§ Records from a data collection
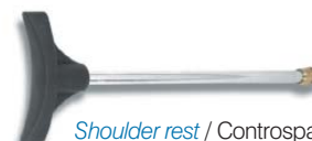
Shoulder rest / Controspalla (cod. P30506000)
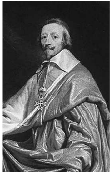
Слева — патриарх Иоаким Московский (1621—1690), икона работы неизвестного художника XVII в., справа — французский кардинал Ришелье (1585—1642), портрет работы Филиппа де Шампenea, XVII в.
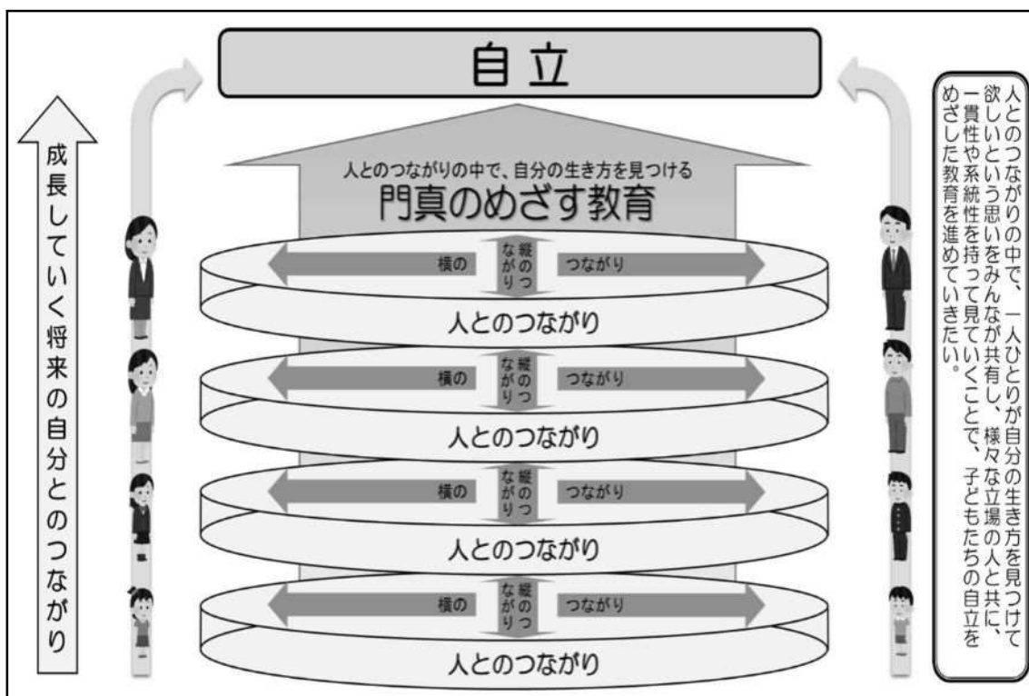
【図1】将来の自立をめざして自分の生き方を見つける教育(審議会のまとめ)

その中で委員から、子どもたちの自立に向けては、人と人とのつながりが大切であり、豊かなつながりの中で育ててほしいという強い思いが述べられ、3つのつながりを軸として、次のとおりまとめました。(図1)
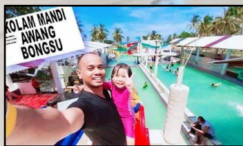
AWANG BONGSU RESORT, KG. DALAM RHU
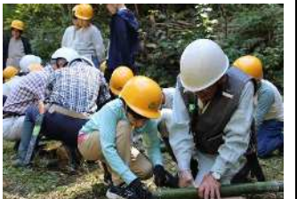
県民が企画・実践する森づくり

§ Task instructions
Leaving images out, please output every line of the data exactly.

§ Written answer
Shoulder rest / Controspalla (cod. P30506000)
Слева — патриарх Иоаким Московский (1621—1690), икона работы неизвестного художника XVII в., справа — французский кардинал Ришелье (1585—1642), портрет работы Филиппа де Шампenea, XVII в.
【図1】将来の自立をめざして自分の生き方を見つける教育(審議会のまとめ)

その中で委員から、子どもたちの自立に向けては、人と人とのつながりが大切であり、豊かなつながりの中で育ててほしいという強い思いが述べられ、3つのつながりを軸として、次のとおりまとめました。(図1)
AWANG BONGSU RESORT, KG. DALAM RHU
県民が企画・実践する森づくり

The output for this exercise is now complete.